While behavioural tests capture human prior knowledge and insights, there has been little exploration on how to leverage them for model training and development. This question is explored in "Evaluation and Learning with Structured Test Sets", an invited talk by Benjamin Roth of the University of Vienna which represents joint work with Pedro Henrique Luz de Araujo. The talk is part of OFAI's 2022 Lecture Series.
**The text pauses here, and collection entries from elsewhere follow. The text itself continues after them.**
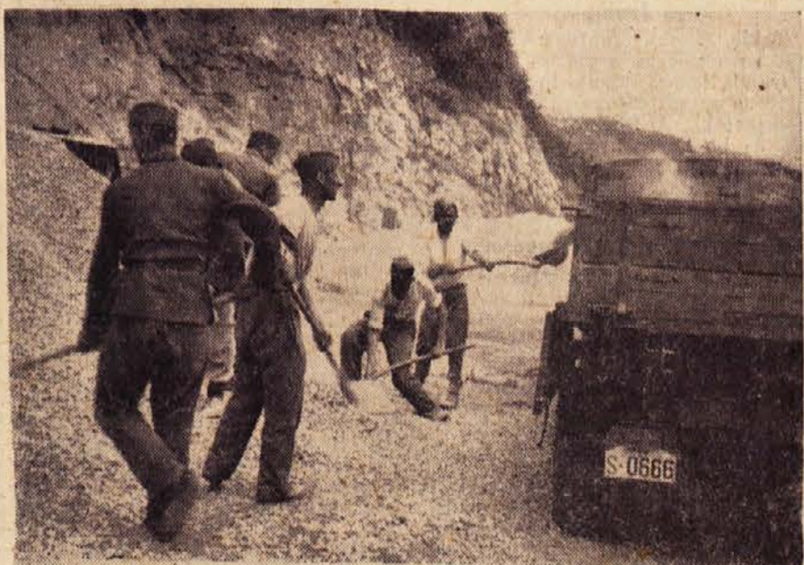
V akciji sodeluje veliko število pripadnikov Jugoslovanske armade

Se imamo lepe jesenske dneve. Ni še vse zamujeno, še je čas, da povečamo zaloge živinske krme.
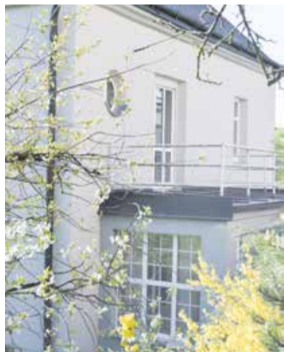
Nový domov v Jihlavě pro klienty z ústavního zařízení Domov Černovice – Lidmaň.

Už během letních prázdnin by se měla do nově zrekonstruovaného bytového domu v Jihlavě na Fibichově ulici přestěhovat pětice dětských klientů s mentálním postižením z ústavního zařízení Domov Černovice – Lidmaň. Najdou zde svůj nový domov, který bude mnohem lépe odpovídat běžné
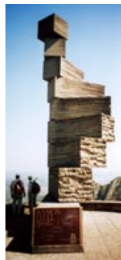
Monument à Ramon Llull au monastère de Montserrat (Catalogne)

On peut lire aujourd'hui avec profit son premier ouvrage, Le Livre du gentil et des trois sages (1270), antérieur à sa période «unificatrice»: il y dépeint un Gentil, c'est-à-dire un non-croyant, au caractère très moderne, qui souffre à l'idée de disparaître après sa mort, et qui est réconforté par trois Sages représentant chacun l'une des religions monothéistes et s'associant pour lui montrer le bien-fondé de leur foi en la résurrection.
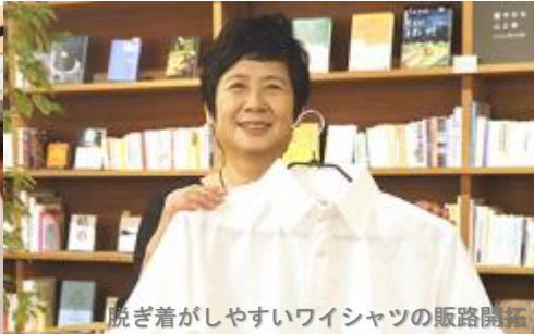
脱ぎ着がしやすいワイシャツの販路開拓
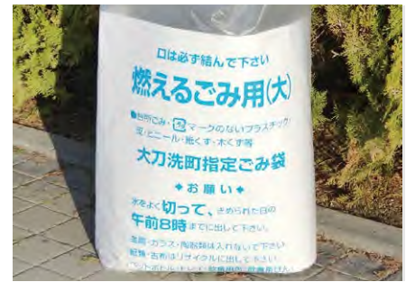
リニューアルされたごみ袋

と判明した。8月に事業所が処理装置の能力向上工事を実施し、工事後は水質・悪臭とも当初に比べると改善し、苦情も少なくなった。今後も県と協力して指導したい。
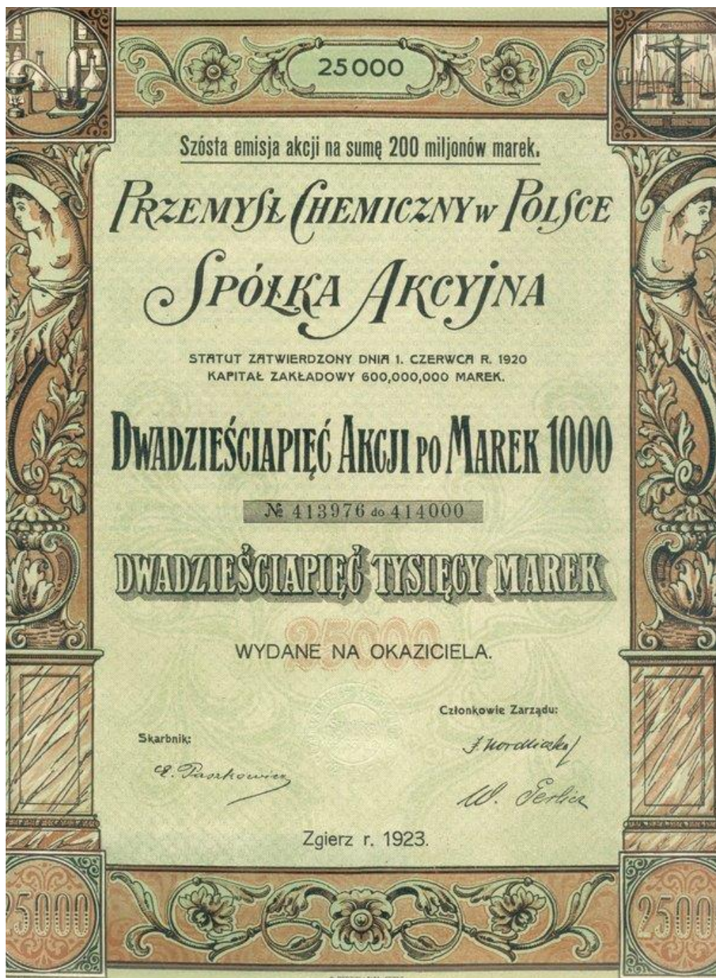
9. Papier wartościowy zakładów „Boruta” Spółka Akcyjna w Zgierzu, 1923 r.

Members of the public are cordially invited to attend the talk on Wednesday, 19 October at 18:30 CEST (UTC+2). Attendance is possible in person at OFAI Headquarters (Freyung 6/6/7, 1010 Vienna); note that it is recommended to wear an FFP2 mask while on the premises. Alternatively, you may attend online via Zoom:
Meeting ID: 842 8244 2460
Talk abstract: Behavioural testing – verifying system capabilities by validating human-designed input-output pairs – is an alternative evaluation method of natural language processing systems proposed to address the shortcomings of the standard approach: computing metrics on held-out data. While behavioural tests capture human prior knowledge and insights, there has been little exploration on how to leverage them for model training and development. With this in mind, we explore behaviour-aware learning by examining several fine-tuning schemes using HateCheck, a suite of functional tests for hate speech detection systems. To address potential pitfalls of training on data originally intended for evaluation, we train and evaluate models on different configurations of HateCheck by holding out categories of test cases, which enables us to estimate performance on potentially overlooked system properties. The fine-tuning procedure led to improvements in the classification accuracy of held-out functionalities and identity groups, suggesting that models can potentially generalise to overlooked functionalities. However, performance on held-out functionality classes and i.i.d. hate speech detection data decreased, which indicates that generalisation occurs mostly across functionalities from the same class and that the procedure led to overfitting to the HateCheck data distribution.
Speaker biography: Benjamin Roth is a professor in the area of deep learning & statistical NLP, leading the WWTF Vienna Research Group for Young Investigators "Knowledge-Infused Deep Learning for Natural Language Processing". Prior to this, he was an interim professor at LMU Munich. He obtained his PhD from Saarland University and did a postdoc at UMass, Amherst. His research interests are the extraction of knowledge from text with statistical methods and knowledge-supervised learning.